16.05.2022 - 16:40Christine wrote:
Bonjour, Je ne comprends plus vos modèles. Je recherche un modèle de cardigan femme qui se tricote séparément dos et devant. Je ne trouve rien sur votre site Autrefois les modèles se tricotaient différemment et maintenant je n'y comprends rien Merci pour votre aide J'ai regardé tous vos modèles mais rien col rond pour femme
13.05.2022 - 22:25DROPS Design answered:
Bonjour Christine, retrouvez ici tous nos modèles de vestes et de gilets tricotés de bas en haut avec encolure ronde; sur ordinateur, vous trouverez dans la colonne de gauche des filtres supplémentaires à utiliser pour affiner votre recherche. Bon tricot!

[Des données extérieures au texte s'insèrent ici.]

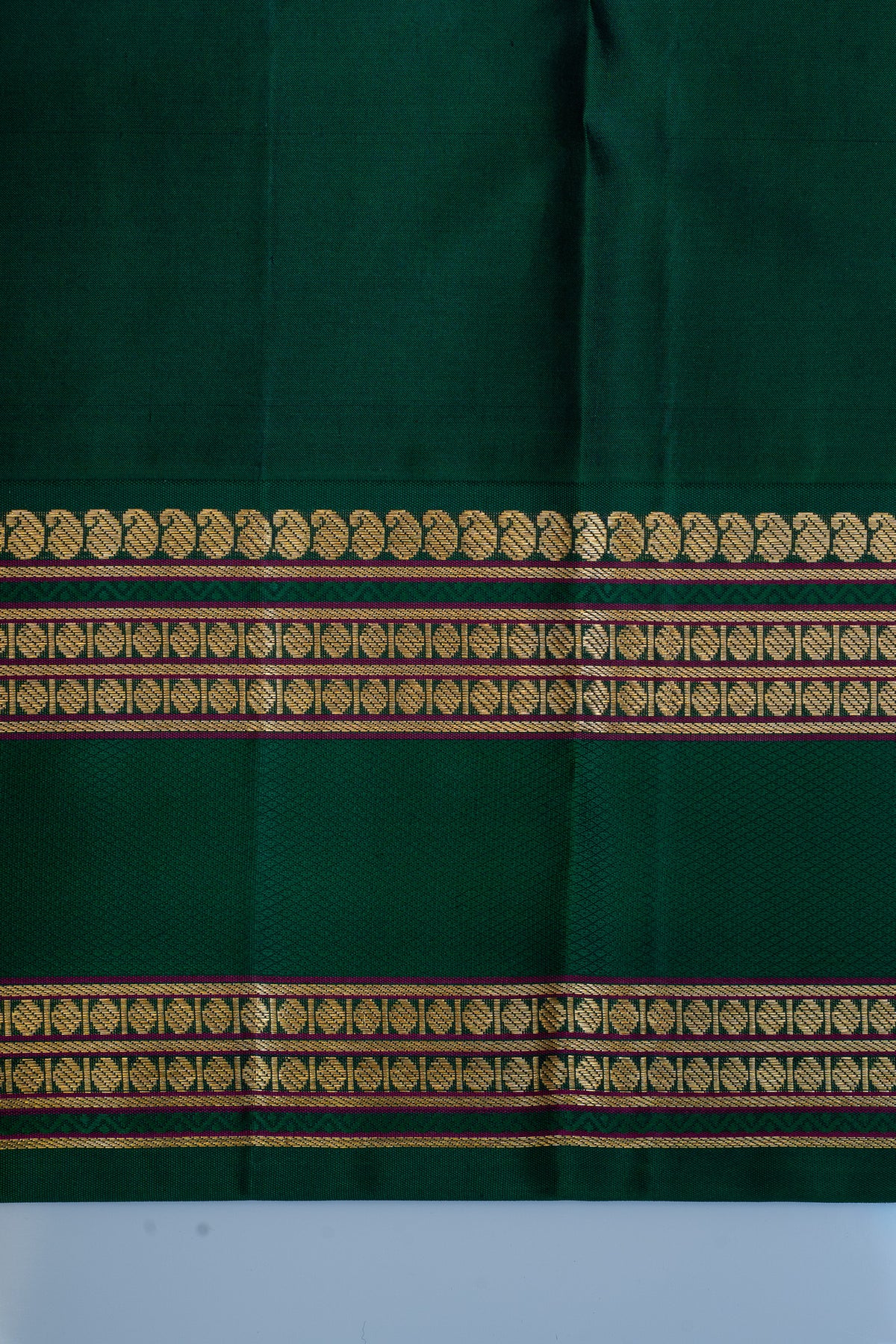 Draped in timeless elegance, this magenta Kanchipuram silk saree embodies centuries of weaving heritage. Crafted from pure silk with intricate traditional patterns, the rich magenta hue radiates sophistication and grace. The saree's lustrous finish and fluid drape make it an ideal choice for weddings, festivals, and formal occasions. Each piece reflects the meticulous craftsmanship of master weavers, ensuring a garment that transcends trends. Perfect for those who appreciate authentic Indian textiles and refined style.
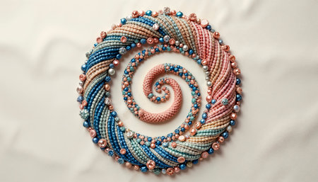 Beautifully arranged handmade beads in vibrant colors spiral on a stone surface, creating an eye-catching and artistic display perfect for jewelry lovers.
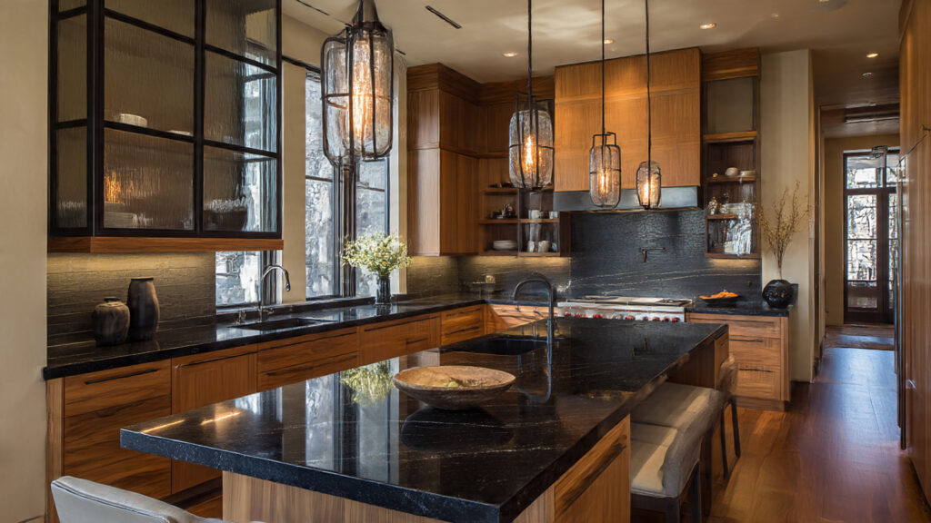 Warm wood softens the boldness of black granite, creating a balanced, cozy kitchen that feels both modern and inviting.
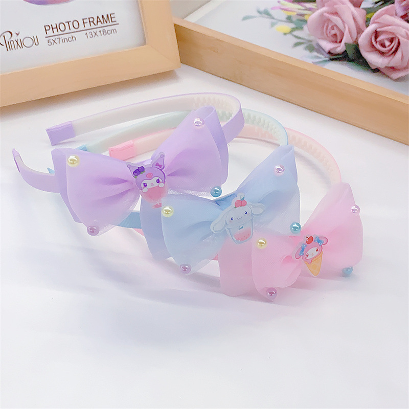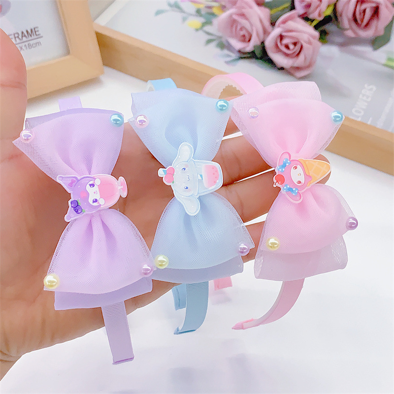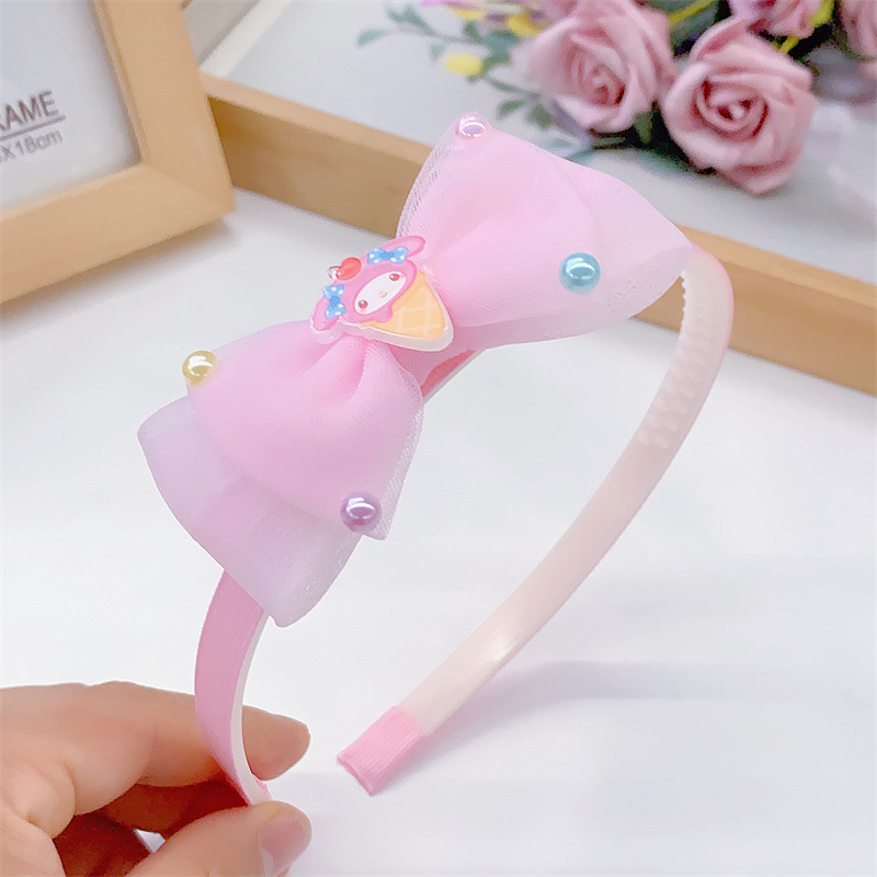 新款发饰批发儿童小女孩雪纺蝴蝶结镶冰淇淋卡通动物发箍发卡头箍

16.05.2022 - 08:12Robinet wrote:
Bonjour C est encore moi, j’arrive jusqu’au dos et devant, quand ça mesure 24cm (t.S) depuis le col, je fais une augmentation de 42mailles sûr l envers . Par contre on a indiqué que je change l aiguille 3.5 pour 6cm le côte. Comment je peux arriver à un longeur 52cm? Je vous remercie en avance de votre réponse Bonne soirée
10.04.2022 - 03:36DROPS Design answered:
Bonjour Mme Robinet, vous tricotez ensuite 6 cm de côtes, le bas du gilet va mesurer 24+6=30 cm + les 18 cm d'emmanchures + 4 cm d'épaules = le gilet mesure 52 cm de hauteur totale à partir de l'épaule jusqu'aux mailles rabattues. Bon tricot!
19.04.2022 - 07:40Peyton Taylor wrote:
After I finish knitting the neck edge and am working the saddle shoulder, I\'m supposed to slip the first stitches onto a thread leaving the working yarn behind. Am I supposed to cut the working yarn so I\'m able to work the first 18 stitches of the row?
02.04.2022 - 21:49DROPS Design answered:
Hi Peyton, To avoid cutting the yarn, it is best to work the stitches first. Happy knitting!
04.04.2022 - 07:08Robinet wrote:
Bonjour Comment je peux faire la 3ème + 5ème ligne du schéma A1 ? Vous ne pouvez pas séparer la séquence A1b (répéter 5 fois ou 10 fois) de A1a et A1c. Merci
27.03.2022 - 05:37DROPS Design answered:
Bonjour Mme Robinet, tricotez la dernière maille de A avec les 2 premières mailles de B (= le jeté de A permet d'avoir toujours 3 mailles dans A), puis tricotez la dernière maille de B avec les 2 premières mailles du B suivant, et à la fin du motif avec les 2 premières mailles de C. Bon tricot!